New paper by Aditya shows why CNN model observers can be better predictors of radiologist's search than linear models

CNNs discount target-like structures of normal anatomic structures like radiologists do.

October 16, 2025
Top row: Suspicious locations in Digital Breast Tomosynthesis phantom for linear model observers and Convolutional Neural Network. Bottom row: Radiologists fixation density for the image.
Top row: Suspicious locations in Digital Breast Tomosynthesis phantom for linear model observers and Convolutional Neural Network. Bottom row: Radiologists fixation density for the image.

In medical imaging research, scientists often use model observers — computer programs designed to mimic how humans detect signals in noisy images. These models help evaluate new imaging technologies without always needing large groups of human participants. Traditional model observers, such as linear model observers (LMOs), have been successful for simple detection tasks where the location of the target is known. However, they fall short when images are cluttered or when the target could appear anywhere, conditions that resemble real medical search tasks. This study explored whether newer, more biologically inspired models based on artificial intelligence (AI) — specifically convolutional neural networks (CNNs) — can better approximate how radiologists interpret complex medical images.

Radiologists searching for tiny signs of breast cancer—like microcalcifications or small masses—in 3D breast imaging (digital breast tomosynthesis) face a major challenge: normal anatomy can often mimic the appearance of disease. In a new paper in the Journal of Medical Imaging, graduate student Aditya Jonnalagadda ECE UCSB, the VIU lab team , and investigators University of Pennsylvania investigated whether AI systems could evaluate these complex medical images in a way that better matches how humans actually see. They compared two traditional mathematical models of human vision (LMOs) with a more advanced deep learning system known as a CNN.

In the study, both human radiologists and these computational “observers” searched virtual 3D breast phantoms—realistic simulated images containing either small calcifications, larger masses, or no abnormalities at all.

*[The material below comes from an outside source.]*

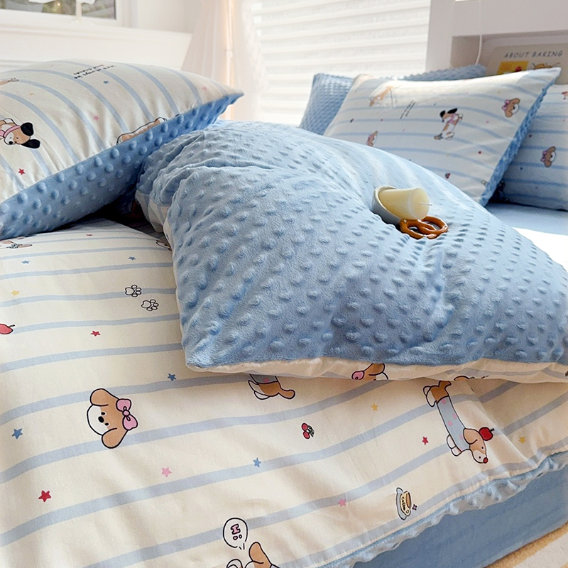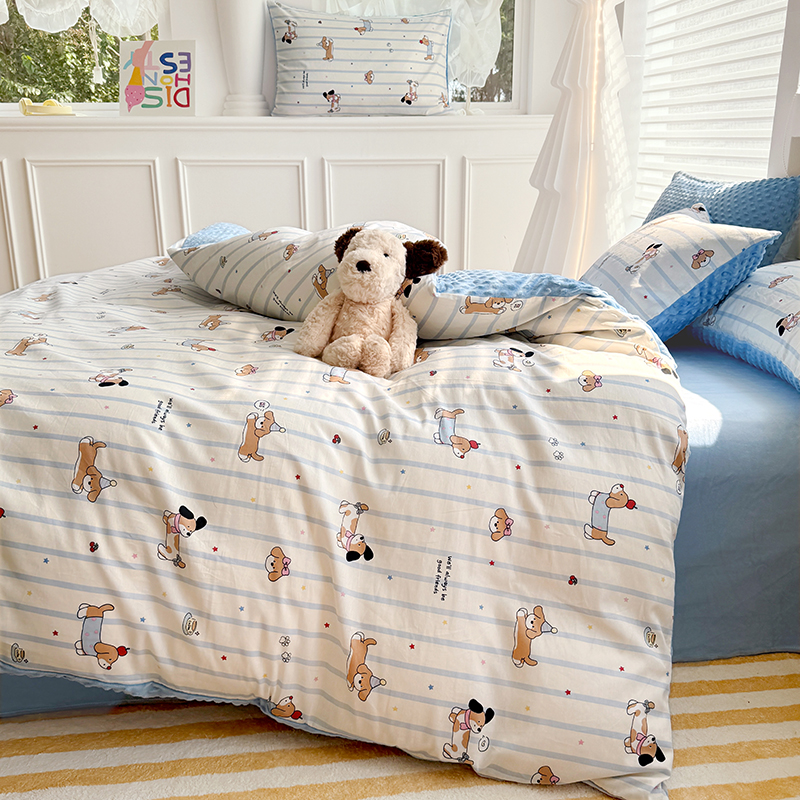 无印良品全棉床单学生宿舍纯棉卡通儿童被套秋冬三件套床上用品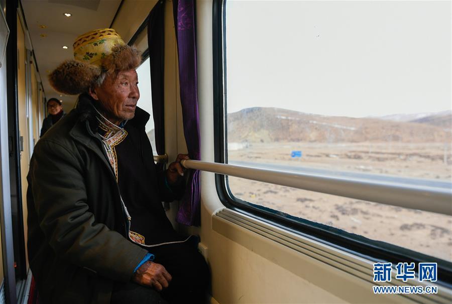 大學(xué)生剛措(右)和桑旦措姆(中)放寒假乘坐Z6802次列車回老家那曲(1月11日攝)。

The team measured how accurately each system could detect real signals while ignoring false alarms. Traditional LMOs performed well on simple detection tasks where the target location was known in advance, but their performance dropped when the signal could appear anywhere in the image—conditions that mirror real-world search behavior. In contrast, CNNs and human radiologists maintained higher accuracy in these realistic search tasks.

One key discovery was that CNNs, like radiologists, could “discount” normal anatomical structures that merely resemble disease, avoiding the false positives that frequently misled linear models. Eye-tracking data from radiologists confirmed that their gaze tended to linger on the same areas the CNN flagged as suspicious—showing that the network’s responses aligned more closely with human visual attention patterns than older models did. This makes CNNs better tools for understanding and predicting radiologists visual search performance.

This research is important because it shows that modern AI can serve as a more human-like benchmark for medical image quality. As virtual clinical trials increasingly rely on simulated data to test new imaging systems, replacing some expensive human studies, CNN-based “model observers” can provide a more realistic and reliable measure of how well radiologists might perform. Ultimately, this helps scientists design better imaging technologies and improve diagnostic accuracy in breast cancer detection and beyond.  The authors also found that the CNN was not able to predict some deficits in human search performance. In particular, it could not predict the difficulty of observers finding small targets during 3D search.  This is because humans, but not the CNN, have limitations in the amount of spatial detail they process away from the point of fixation (the visual periphery).  This motivates building into the CNN components that limit human vision.